Function Calling(Tool Use)은 LLM이 외부 함수/API를 호출할 수 있게 하는 메커니즘입니다. LLM 자체가 코드를 실행하는 것이 아니라, 어떤 함수를 어떤 인자로 호출해야 하는지 결정하고, 실제 실행은 애플리케이션이 담당합니다.

동작 흐름

사용자: "서울 날씨 알려줘"
    ↓
LLM: tool_call(get_weather, city="서울")
    ↓
앱: get_weather("서울") 실행 → {"temp": 5, "condition": "맑음"}
    ↓
LLM: "서울의 현재 날씨는 기온 5°C, 맑음입니다."

OpenAI Function Calling

기본 사용법

from openai import OpenAI
import json

client = OpenAI()

# 도구 정의
tools = [
    {
        "type": "function",
        "function": {
            "name": "get_weather",
            "description": "특정 도시의 현재 날씨 정보를 가져옵니다",
            "parameters": {
                "type": "object",
                "properties": {
                    "city": {
                        "type": "string",
                        "description": "도시 이름 (예: 서울, Tokyo, New York)"
                    },
                    "unit": {
                        "type": "string",
                        "enum": ["celsius", "fahrenheit"],
                        "description": "온도 단위"
                    }
                },
                "required": ["city"]
            }
        }
    },
    {
        "type": "function",
        "function": {
            "name": "search_products",
            "description": "상품을 검색합니다",
            "parameters": {
                "type": "object",
                "properties": {
                    "query": {"type": "string", "description": "검색어"},
                    "category": {"type": "string", "enum": ["electronics", "clothing", "food"]},
                    "max_price": {"type": "number", "description": "최대 가격 (원)"},
                    "sort_by": {"type": "string", "enum": ["price", "rating", "newest"]}
                },
                "required": ["query"]
            }
        }
    }
]

# 첫 번째 호출
response = client.chat.completions.create(
    model="gpt-4o",
    messages=[{"role": "user", "content": "서울 날씨 알려주고, 우산도 검색해줘"}],
    tools=tools,
    tool_choice="auto"
)

message = response.choices[0].message
print(f"Tool calls: {len(message.tool_calls)}")

# 도구 실행 및 결과 전달
messages = [
    {"role": "user", "content": "서울 날씨 알려주고, 우산도 검색해줘"},
    message  # assistant의 tool_call 메시지
]

# 각 tool_call에 대한 결과 추가
for tool_call in message.tool_calls:
    func_name = tool_call.function.name
    args = json.loads(tool_call.function.arguments)

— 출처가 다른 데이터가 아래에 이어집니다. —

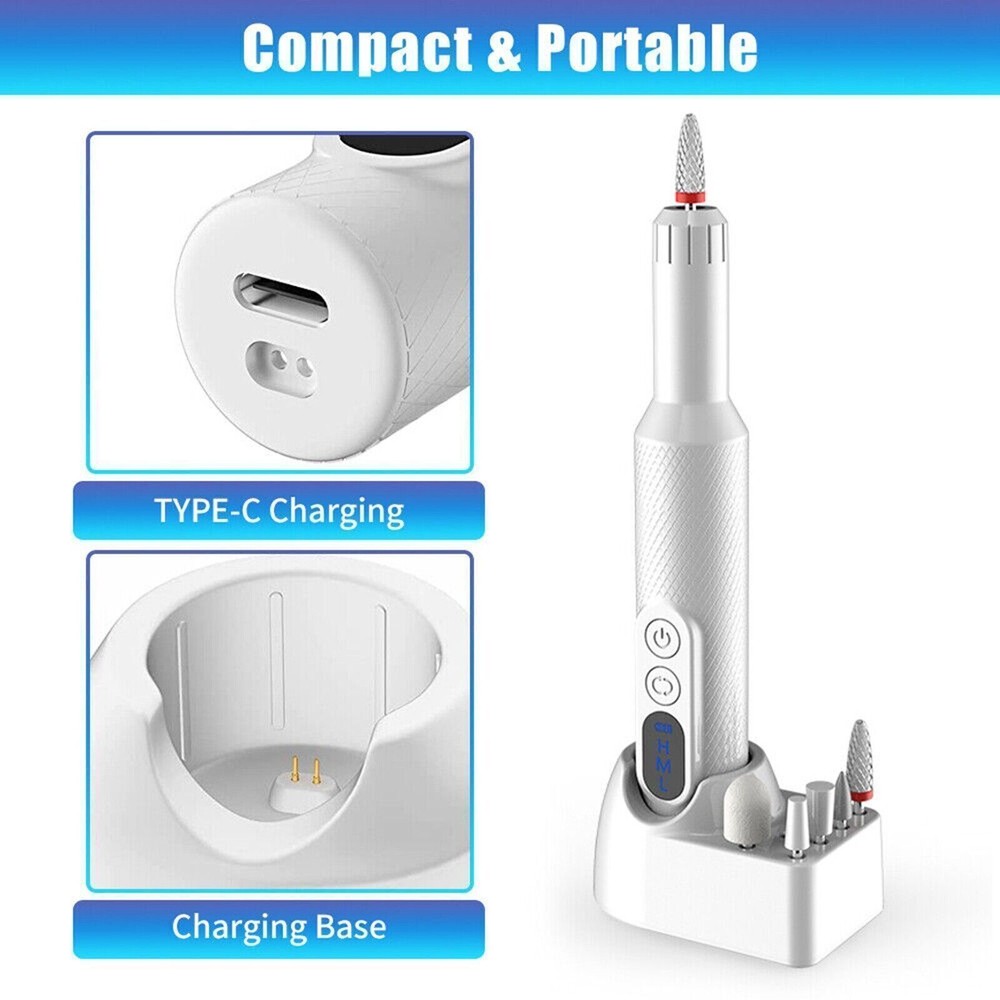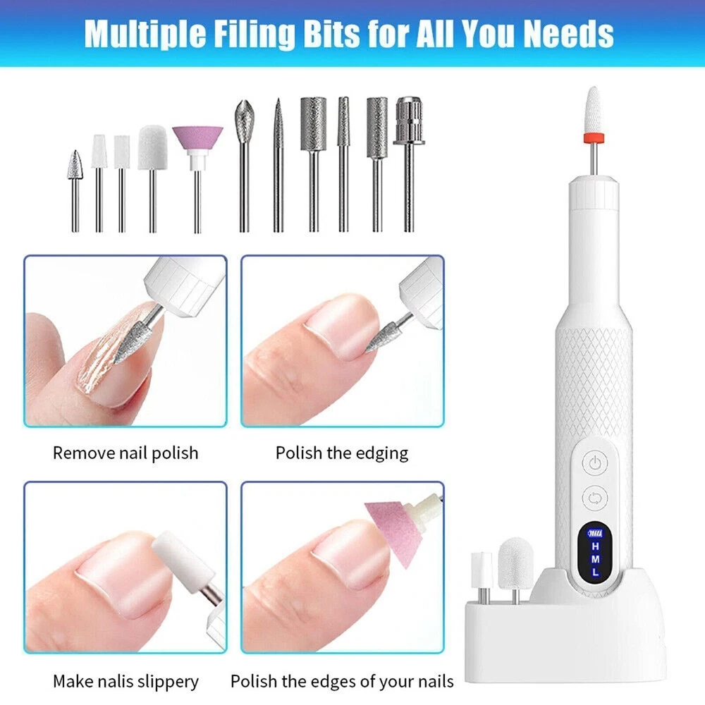Description : Note:If you have any questions, please contact us before open any case, we promise will solve the problem for you. Thanks! Features: Professional Nails at Home: No annoying cords that get tangled up & are too short. The cordless electric nail drill is designed to help you achieve and maintain salon-quality nails at home, by shaping, filing, and buffing for flawless nails wherever you go. Two Way to Charging & LED Display: There are two charging ports on our professional nail drill, can be placed on the base or directly connected to the USB cable for charging. Moreover, our base comes with 8 holes for drill bits, which is easy to take out or replace the drill bit, LED display allows you to check the power reserve & speed level at any time, giving you the flexibility and comfort you need. 3 Speed Settings & Dual Rotation: 3 adjustable speeds and F/R direction function to customize your mani & pedi wtih ease. It can be used effectively at different angles, or if you want to use it in either hand. The manicure set is compact and handy, the threaded body allows you make it easy to handle during use. Low Heat & Low Noise & Low Vibration: This nail drill machine is built of a powerful yet quiet motor and operates reliably, keep the machine in low heat, low noise, and low vibration while using it. (Make sure let the machine rest after 30 minutes continuous use) Package List: 1 x Nail Drill Machine 12 x advanced nail drill bits 6 x nail sanding bands 1 x Type C to USB charging cord 1 x charging base 1 x User Manual. Tip: There is a box of 6 drill bits under the plastic box, you need to remove the plastic shell from the box to see it. Note: 1. Please allow minor deviation due to manual measurement. 2. Due to the difference between different monitors, the picture may not reflect the actual color of the item. 3. Communication is the best way to solve the problem. If you have any problems after purchasing, please contact us in time, before opening return or cas Payment: We accept PayPal ONLY currently. Payment must be made within 3 business days. Shipping: 1. Item will be shipped within 1-7 business days from CN Stock or US Stock according to the item location. 2. Sometimes the ship date will be delayed due to a shortage. We will inform you via message. 3. Please leave available address and phone # in delivery information. Seller are not responsible for wrong address. 4. Please indicate your personal requirement such as colors, packages, value of declaration etc. at PayPal's message when make payment. 5. We will NOT responsible for any delay during delivery including but not limited to customs postage checking, strike, force measure etc. Customs Declaration: Import duties, taxes and charges are not included in the item price or shipping charges. These charges are the buyer’s responsibility. Please check with your country’s customs office to determine what these additional costs will be prior to biddingying. Feedback: As long as you are happy with your purchase, please kindly leave us for it is very important for our store performance. If there is any problem with your order, please contact us and give us a chance to resolve your problem Before leaving us a negative feedback. Return & Refund: Returns are accepted within 30 days. Please read the item description and check the pictures carefully before bidding. Return or refund is available only if item DOA or there's error in item description causing the item not fitting your need. In such cases, seller pays for all related shipping cost if any. Returns are also acceptable if buyer purchased this by mistake and item still in good condition for reselling. Buyer is responsible for all related shipping cost.

    if func_name == "get_weather":
        result = {"temp": 5, "condition": "흐림", "humidity": 65}
    elif func_name == "search_products":
        result = [
            {"name": "접이식 우산", "price": 15000, "rating": 4.5},
            {"name": "자동 우산", "price": 25000, "rating": 4.8}
        ]
    else:
        result = {"error": "Unknown function"}

    messages.append({
        "role": "tool",
        "tool_call_id": tool_call.id,
        "content": json.dumps(result, ensure_ascii=False)
    })

# 최종 응답 생성
final_response = client.chat.completions.create(
    model="gpt-4o",
    messages=messages,
    tools=tools
)

print(final_response.choices[0].message.content)

병렬 함수 호출 (Parallel Tool Calls)

GPT-4o는 여러 함수를 동시에 호출할 수 있습니다:

# "서울 날씨 알려주고, 우산도 검색해줘" → 2개 tool_call이 동시에 반환됨
# tool_calls = [
#   {"function": {"name": "get_weather", "arguments": '{"city": "서울"}'}},
#   {"function": {"name": "search_products", "arguments": '{"query": "우산"}'}}
# ]

import asyncio

async def execute_tool_calls(tool_calls: list) -> list:
    """병렬로 도구 호출을 실행합니다."""
    async def execute_one(tc):
        func_name = tc.function.name
        args = json.loads(tc.function.arguments)

        # 실제로는 API 호출 등 비동기 작업
        if func_name == "get_weather":
            return await get_weather_async(**args)
        elif func_name == "search_products":
            return await search_products_async(**args)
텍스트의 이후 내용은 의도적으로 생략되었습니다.